• **Problem requirements**
From the first line down to the one containing "Unik. Les baies", reproduce the entries below exactly and leave out the pictures.

• **Data supplied**
((

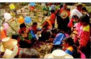
PARADA DE LA YUNZA
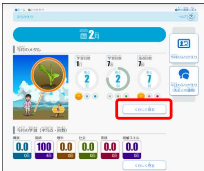
▲児童生徒>ふりかえり
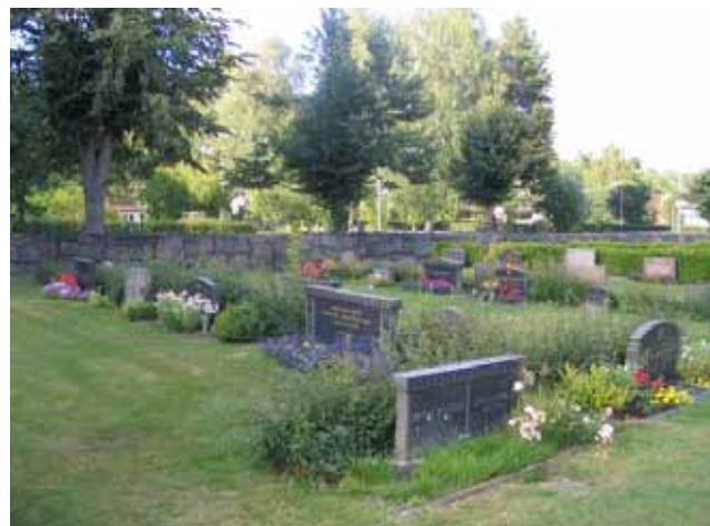
Norra kyrkogården. Kvarter H mot norr. (KI Misterhult 0233)
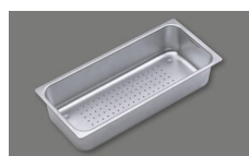
> Weblink 40.000.912.00 / CHF 106.- Panier amovible, percé
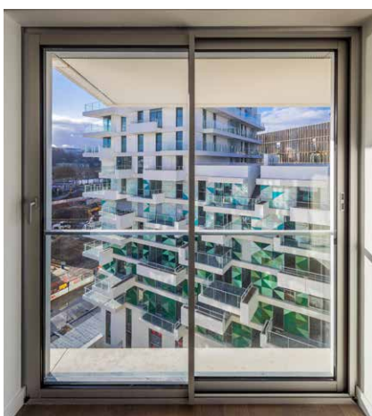
Unik. Les baies mettent en scène la générosité des vues.

J'essaie de traiter l'apport de lumière et le jeu avec l'obscurité nécessairement
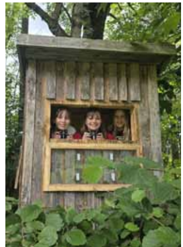
Spiel & Spaß im Wald
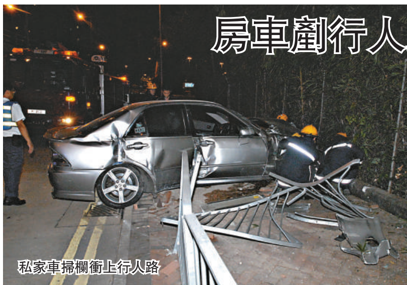
私家車掃欄衝上行人路

【本報訊】一輛私家車昨日凌晨駛至尖沙咀漆咸道南時，疑閃避切線車輛失控，撞毀路旁六米鐵欄後剷上行人路，車身毀爛，司機右手及背部輕傷。
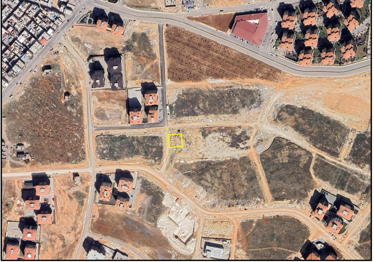
Şekil 1: Proje Alanı Kent İçerisindeki Konumu

1/1.000 ölçekli uygulama imar planı değişikliğine konu alan Şahinbey İlçesi, Geylani Mahallesi sınırları içerisinde, 188026 nolu sokak üzerinde yer almaktadır.
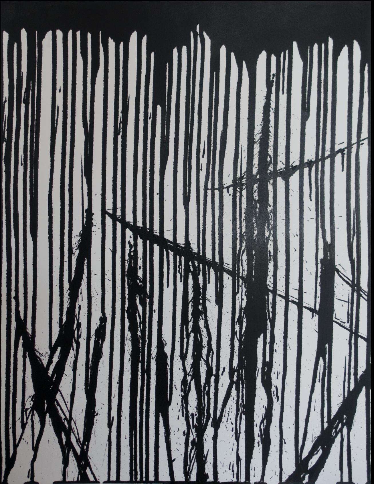
perturbations , 50x65 cm, 2017
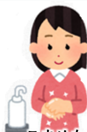
こまめな手洗い・ 手指消毒
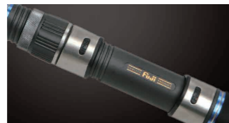
■ 搭載富士輪座附加防鬆環
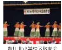
豊川北小学校区敬老会
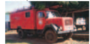
Servicio comunitario-Camión para bomberos
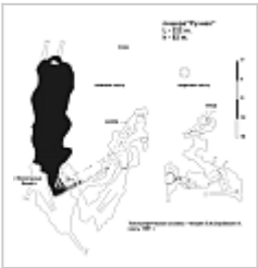
План Ручная План пещеры Ручная

Вход в пещеру находится в борту большой воронки (вскрыт искусственно), по проходам в глыбовом завале и меандрам доходим до глубины 25м, далее следует уступ 8м (забит спит, требуется снаряжение), под уступом - средних размеров грот с уходящими вниз крутонаклонными катушками, одна из которых обрывается 15м уступом в озеро на дне пещеры. Проходимых продолжений на уровне воды не обнаружено, есть следы затопления пещеры на высоту до 40м от летнего уровня озера. Начиная с глубины 20м в пещере есть постоянно действующий водоток.
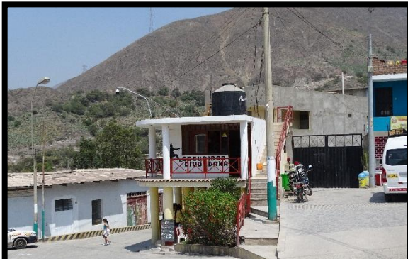
Oficina de Serenazgo

))

• **Output for this exercise**
PARADA DE LA YUNZA
▲児童生徒>ふりかえり
Norra kyrkogården. Kvarter H mot norr. (KI Misterhult 0233)
> Weblink 40.000.912.00 / CHF 106.- Panier amovible, percé
Unik. Les baies mettent en scène la générosité des vues.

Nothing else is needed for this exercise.